KONTAN.CO.ID - TANGERANG. PT Multipolar Tbk (MLPL) mencatatkan rugi sebesar Rp 1,2 triliun pada 2017 lantaran beberapa anak usaha dan entitas asosiasi, PT Matahari Putra Prima (MPPA) dan First Media mencatatkan rugi. Meski begitu, Investor Relation Multipolar, Agus Arismunandar masih melihat peluang menjanjikan di bisnis ritel.

Agus mengaku sampai saat ini bisnis ritel masih menjadi tulang punggung MLPL. Guna memperbaiki kinerja anak usahanya di bidang ritel, MLPL melakukan beberapa upaya untuk memperbaiki kinerja.

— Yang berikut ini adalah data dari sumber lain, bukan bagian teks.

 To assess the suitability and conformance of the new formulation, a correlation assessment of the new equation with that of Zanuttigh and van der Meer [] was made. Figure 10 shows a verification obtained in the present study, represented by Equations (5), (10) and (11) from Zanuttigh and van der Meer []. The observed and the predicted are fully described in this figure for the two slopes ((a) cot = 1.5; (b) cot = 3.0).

“Di antaranya perombakan manajemen untuk mendorong perubahan yang lebih baik, mengurangi inventory, serta perampingan penawaran produk,” kata Agus seusai Rapat Umum Pemegang Saham (RUPS) MLPL pada Senin (28/5).

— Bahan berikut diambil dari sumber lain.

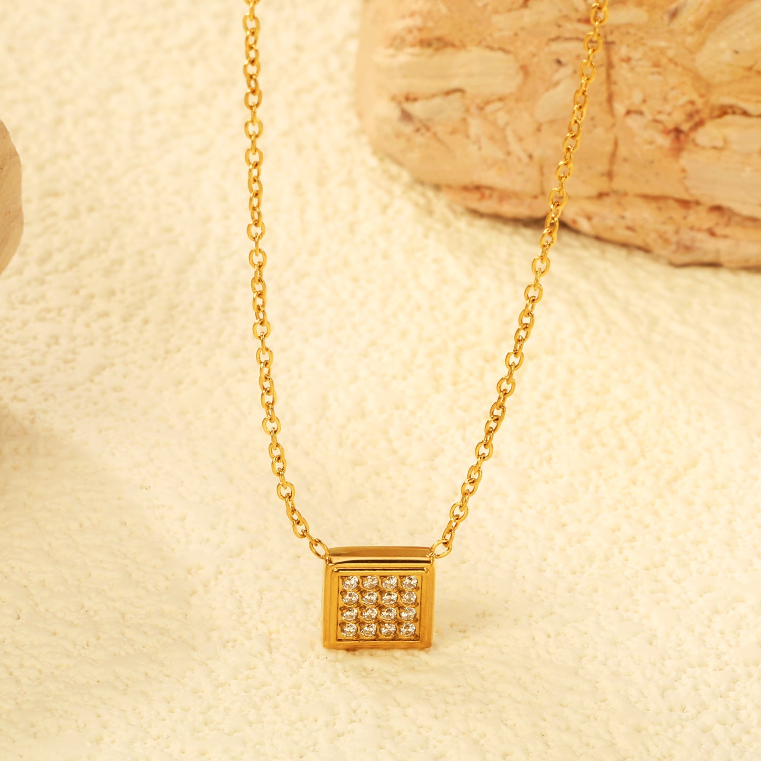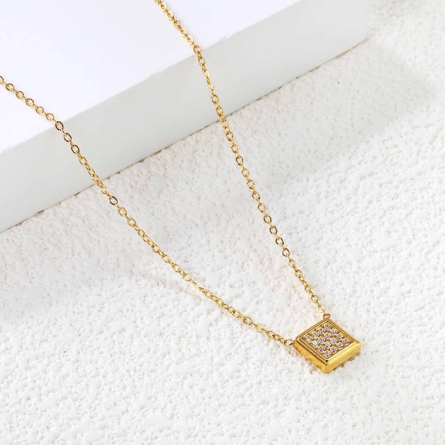 CNC White Zirconium Pendant 0.3Cross Chain 40+5cm+6mm Round Necklace Golden

Di kota kecil, biasanya Hypermart kalah dengan swalayan lokal yang sekalanya kecil dan menawarkan biaya yang lebih murah. Sehingga, kata Agus, saat ini MLPL juga melakukan penurunan harga melalui anak usahanya MPPA yang dimulai sejak 2017, dengan menurunkan harga 5.000 produk.

“Upaya menurunkan harga ini sudah menunjukkan hasil, jumlah transaksi sudah bergerak naik. Saat ini kami fokus bagaimana pelanggan mulai belanja lagi di kami,” ungkapnya.

Perihal kontribusi penjualan neto per segmen sepanjang 2017, ritel masih mendominasi sebesar 79,8%, segmen Telekomunikasi, Multimedia, dan Teknologi (TMT) sebesar 12,5%, sisanya bisnis lain-lain dan investasi sebesar 7,7%.

Meski bisnis ritel mencatatkan rugi pada 2017, akan tetapi laba bruto per segmen masih banyak dikontribusi oleh ritel sebesar 85,8%, TMT sebesar 7,8%, dan 6,4% dari bisnis lain dan investasi.

“Meski sepanjang tahun 2017 bisnis ritel kami menurun, kami percaya diri terhadap bisnis ritel ini masih akan berkembang. Kami masih mempertahankan kepemilikan kami,” terang Agus.